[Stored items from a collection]
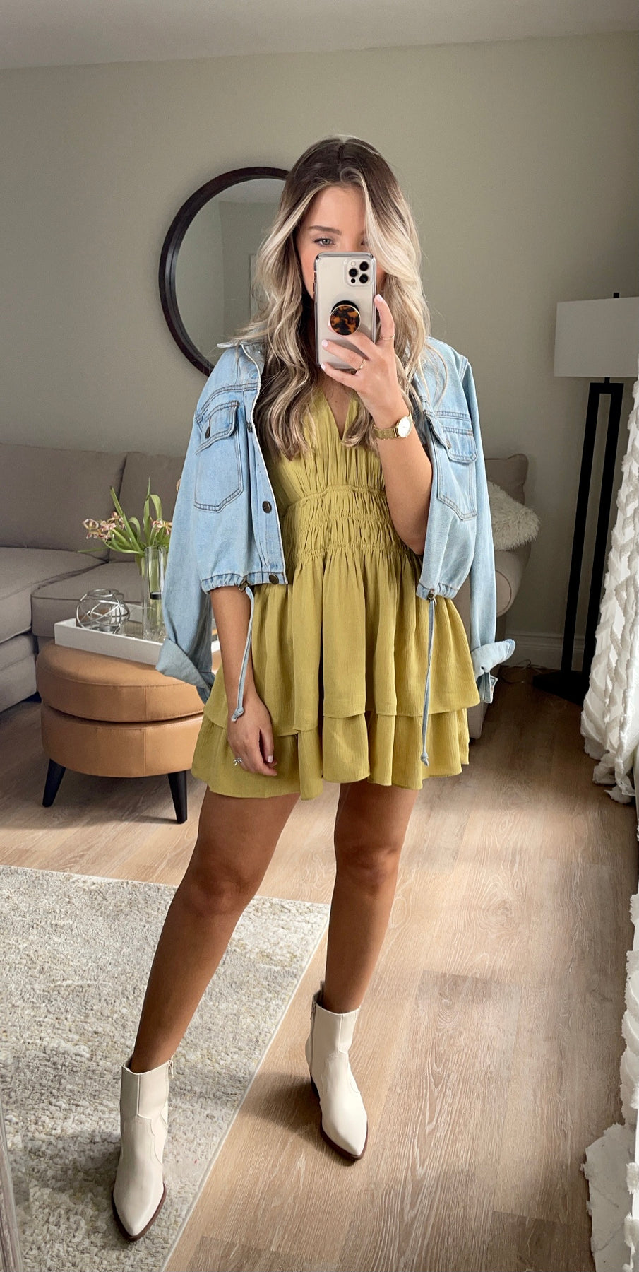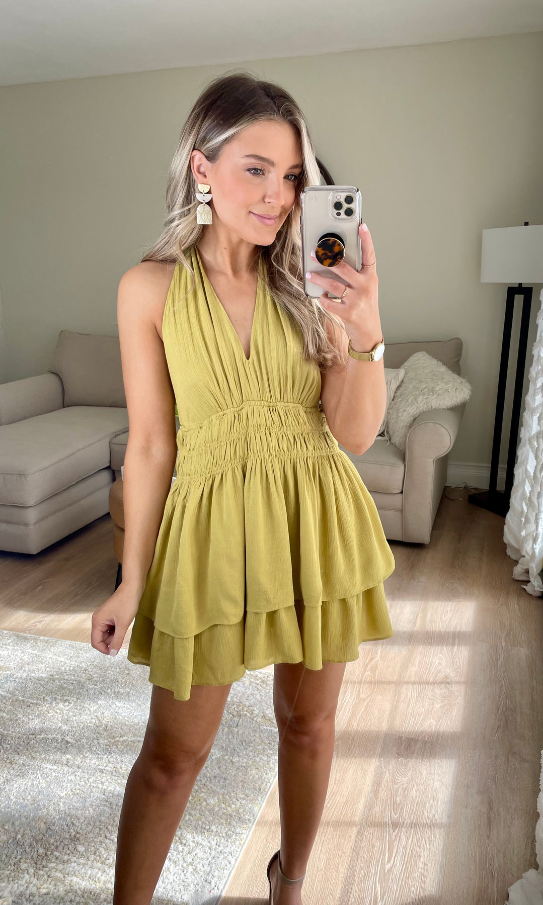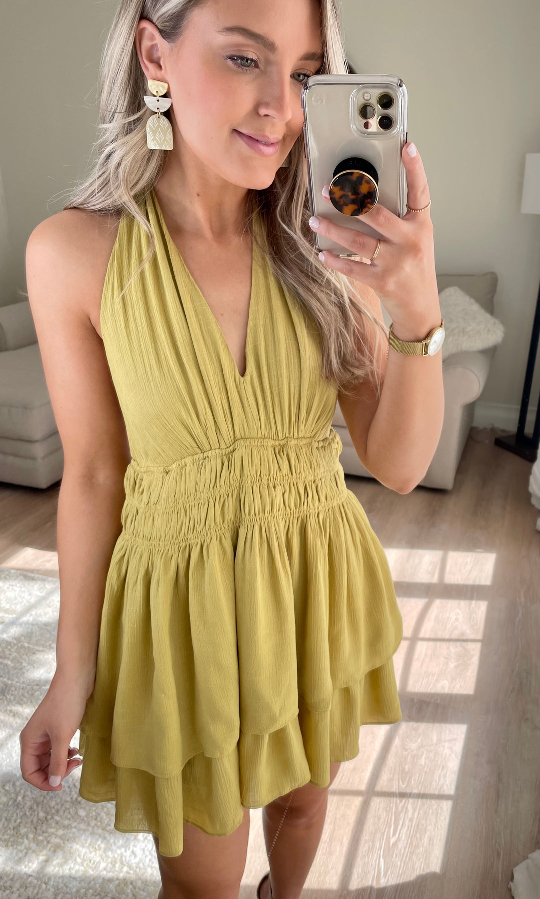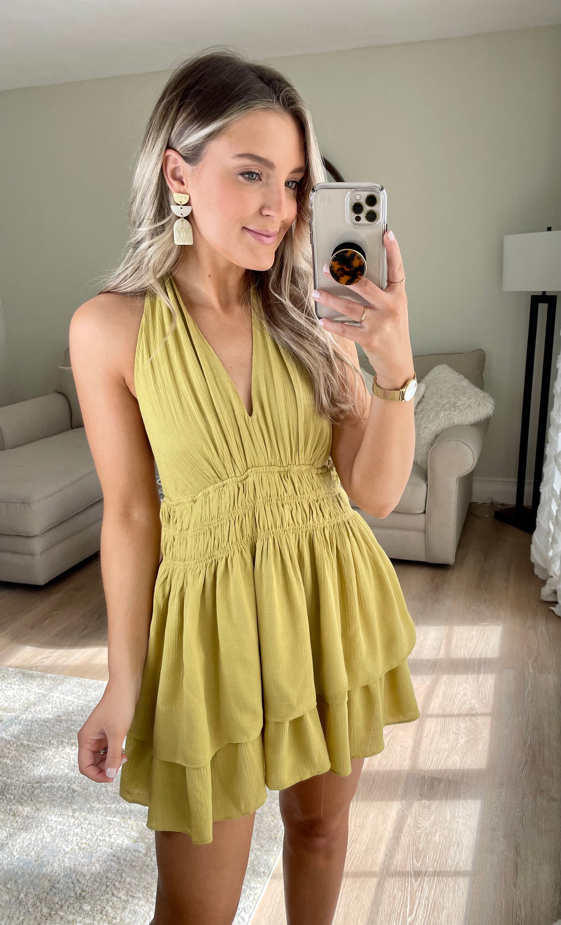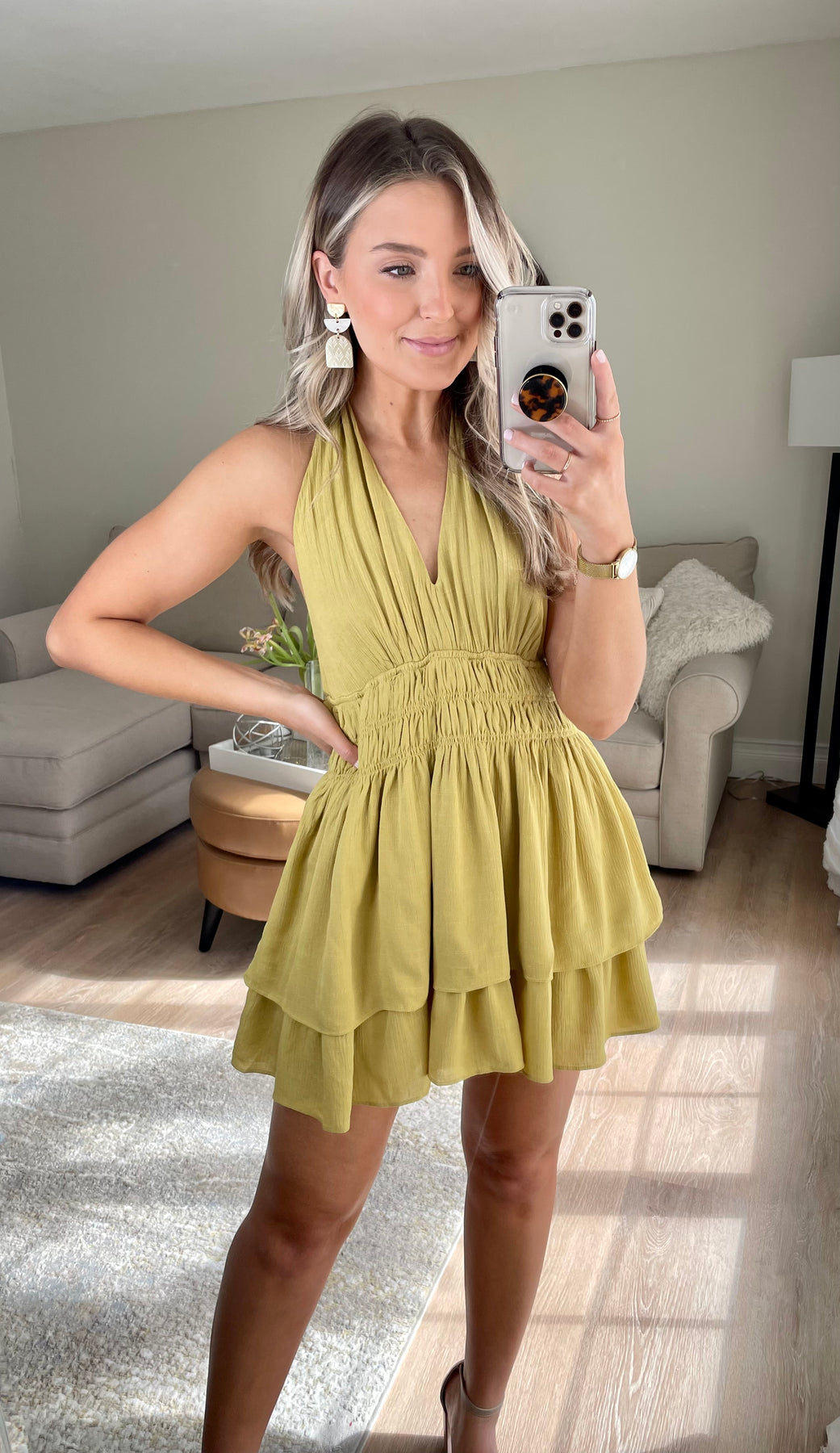 Deep-V halter neckline dress with smocked waist and tiered skirt
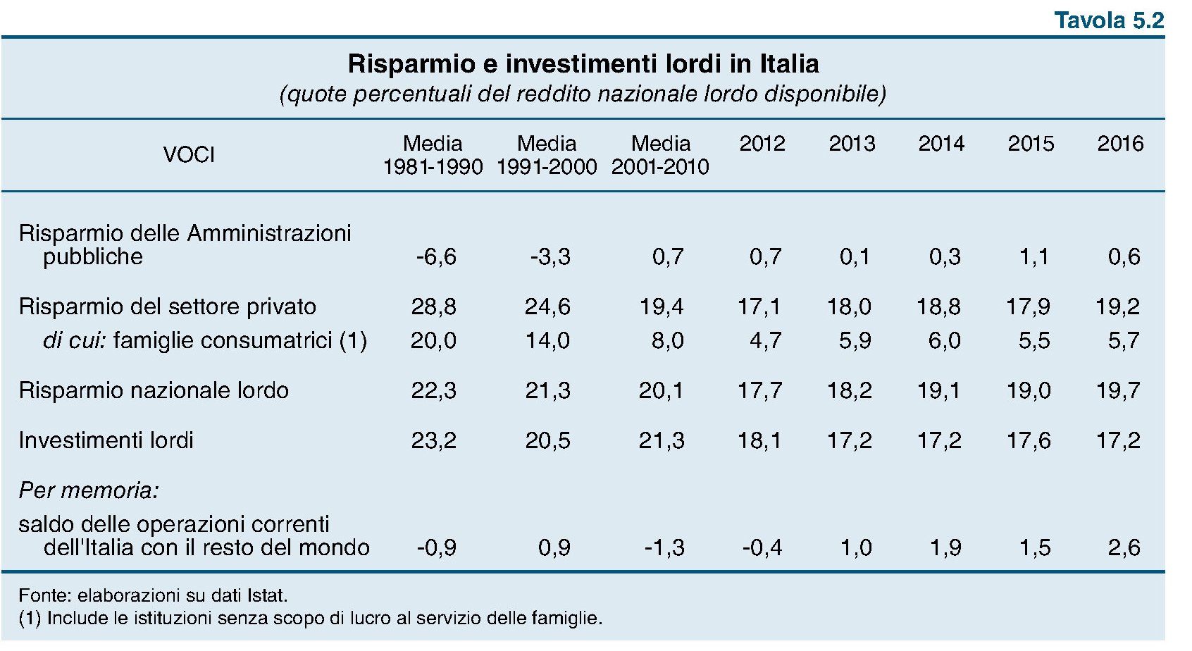 La cosa che salta all’occhio è che l’Italia ha ancora un livello molto basso di investimenti rispetto alla media storica. Ma soprattutto si nota il notevole dimagrimento della quota di risparmio nazionale delle famiglie sul totale del reddito nazionale lordo disponibile. Nel decennio degli anni ’80, quando il settore pubblico provocava in media deficit per il 6,6 del reddito nazionale lordo disponibile, le famiglie risparmiavano uno quota pari al 20% di questa grandezza. Nel 2016 siamo appena al 5,7%. Che fine ha fatto il risparmio delle famiglie italiane? Facile: una parte l’hanno guadagnato le imprese, che hanno visto crescere il risparmio dall’8,8% medio degli anni ’80 a oltre il 13%. Un’altra parte è sparita perché lo stato ha ridotto i suoi deficit, divenuti ormai un attivo. Dal 2000, infatti, il settore pubblico ha avuto una quota positiva, pure se variabile, di percentuale di risparmio sul totale del reddito. Le famiglie risparmiavano tanto perché lo stato spendeva tanto. Oggi non più.
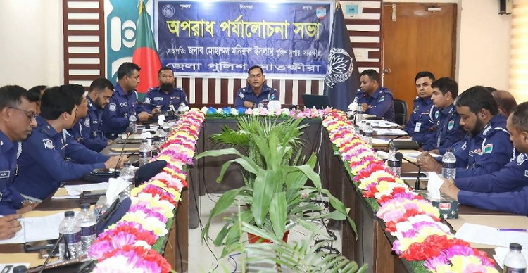 জেলা পুলিশ, সাতক্ষীরার মাসিক অপরাধ পর্যালোচনা সভা অনুষ্ঠিত হয়েছে।গতকাল  ১৬ নভেম্বর ২০২৫ খ্রিঃ তারিখে পুলিশ সুপারের কার্যালয়, সাতক্ষীরার সম্মেলন কক্ষে অক্টোবর-২০২৫ মাসের অপরাধ পর্যালোচনা সভা অনুষ্ঠিত হয়। এতে সভাপতিত্ব করেন সাতক্ষীরা জেলা পুলিশ সুপার মোহাম্মদ মনিরুল ইসলাম । অপরাধ পর্যালোচনা সভায় সাতক্ষীরা জেলার অক্টোবর-২০২৫ মাসের অপরাধ পরিসংখ্যান,আইন-শৃঙ্খলা পরিস্থিতি,মামলা রুজু ও নিষ্পত্তি,গুরুত্বপূর্ণ মামলা সমূহের তদন্তের অগ্রগতি, ওয়ারেন্ট ও সমন তামিল,আলামত ও অপমৃত্যু মামলার দ্রুত নিষ্পত্তি, ট্রাফিক আইনের প্র‍য়োগ ইত্যাদি বিষয় আলোচনা করা হয়। জেলার আইন শৃঙ্খলা পরিস্থিতি স্বাভাবিক রাখতে গোয়েন্দা নজরদারির উপর জোর দিয়ে আগাম তথ্য সংগ্রহের প্রতি পুলিশ সুপার মহোদয় গুরুত্বারোপ করেন। জেলার আইনশৃঙ্খলা পরিস্থিতি সমুন্নত রাখতে সকল সার্কেল অফিসার ও থানার অফিসার ইনচার্জদের পুলিশ সুপার মহোদয় নিয়মিত মাদক ও সন্ত্রাস বিরোধী অভিযান পরিচালনা করাসহ বিভিন্ন দিক-নির্দেশনা প্রদান করেন।
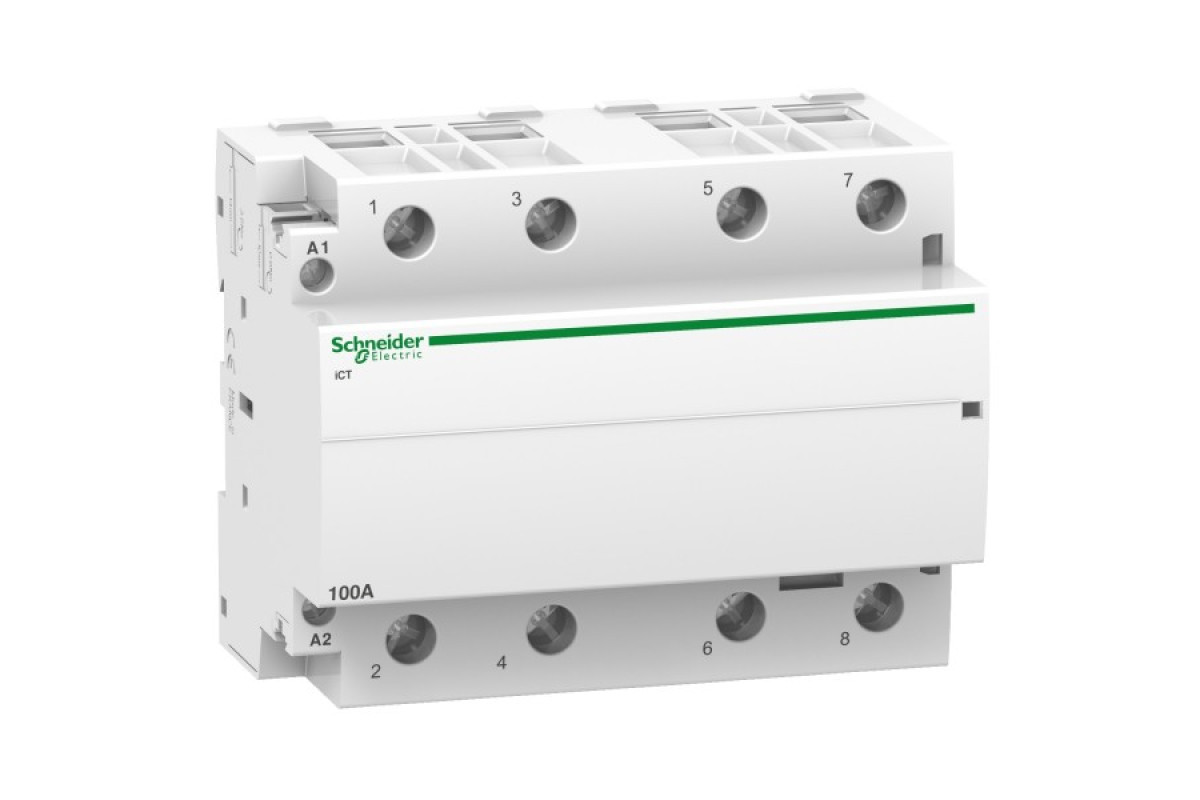 Acti9 iCT це модульний контактор. Це чотирьохполюсний контактор з 4 нормально відкритими контактами. Номінальний струм становить 100 А для AC-7a. Номінальна робоча напруга Ue становить 400 В змінного струму. Напруга керування Uc становить від 220 до 240 В змінного струму. Цей пристрій можна використовувати для схем керування систем опалення, вентиляції та кондиціонування. Відповідає стандарту МЕК 61095.
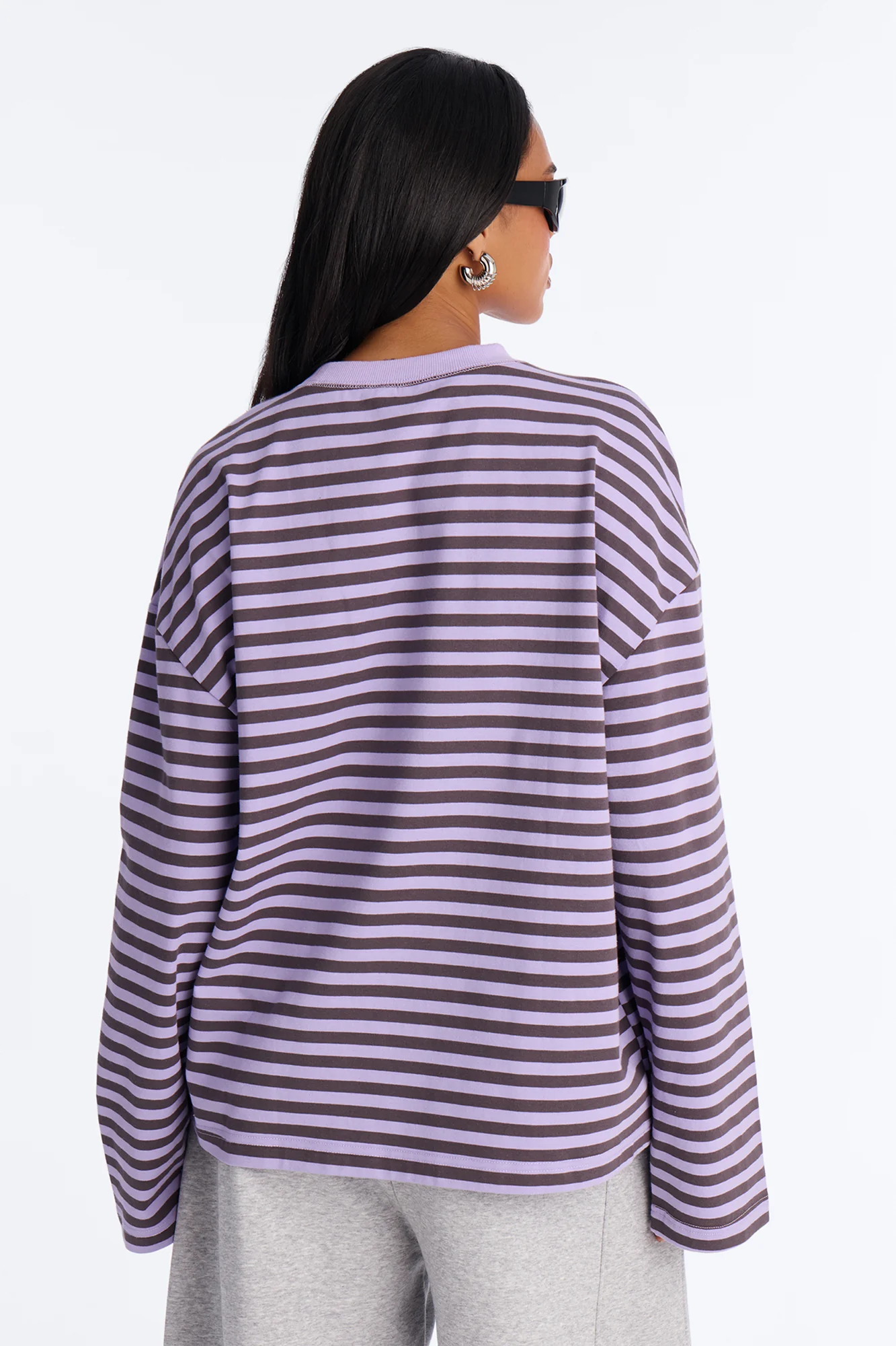 Alyssa Striped Oversized Long Sleeve Top - Lavender/combo
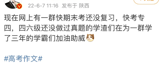 ⑥ “现在网上还有一群快期末考还没复习,快考专四,四六级还没做过真题的学渣们在为一群学了三年的学霸们加油助威”
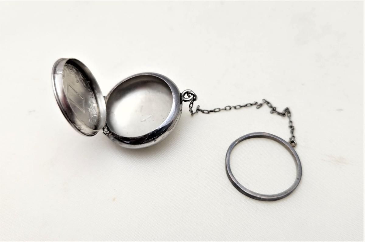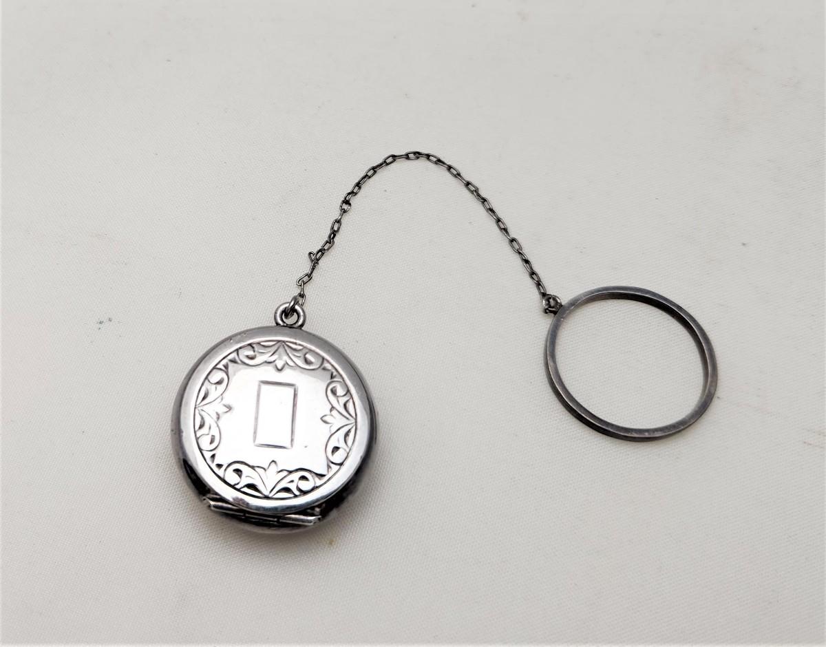 Lot #6  Sterling Silver Chatelaine Locket, Ashtray, Pillbox - you be the judge
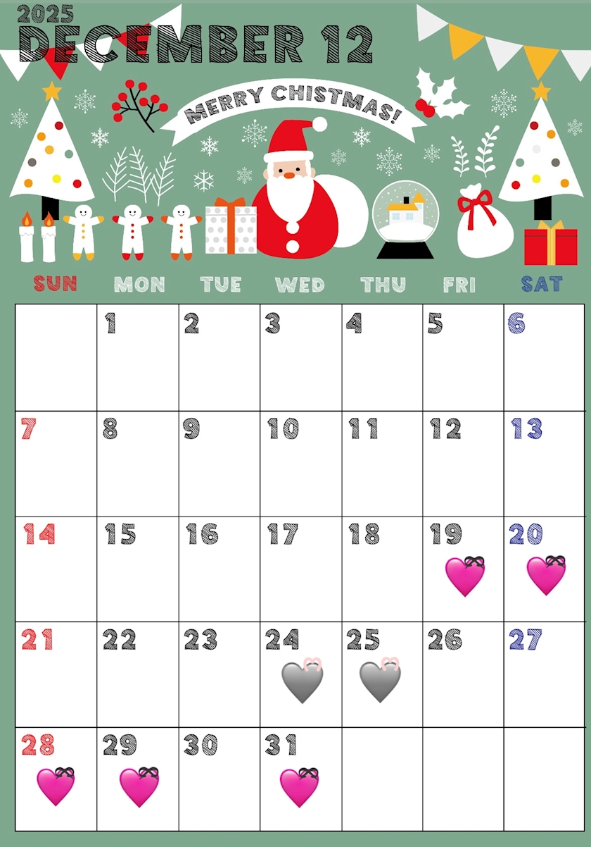 12月後半出勤予定🎄🤍

[Instructions to follow] Start with the line holding "Alyssa Striped Oversized" and repeat exactly every line through the final line of the records above, but no pictures and nothing more.

[Solution for this exercise]
 Alyssa Striped Oversized Long Sleeve Top - Lavender/combo
 ⑥ “现在网上还有一群快期末考还没复习,快考专四,四六级还没做过真题的学渣们在为一群学了三年的学霸们加油助威”
 Lot #6  Sterling Silver Chatelaine Locket, Ashtray, Pillbox - you be the judge
 12月後半出勤予定🎄🤍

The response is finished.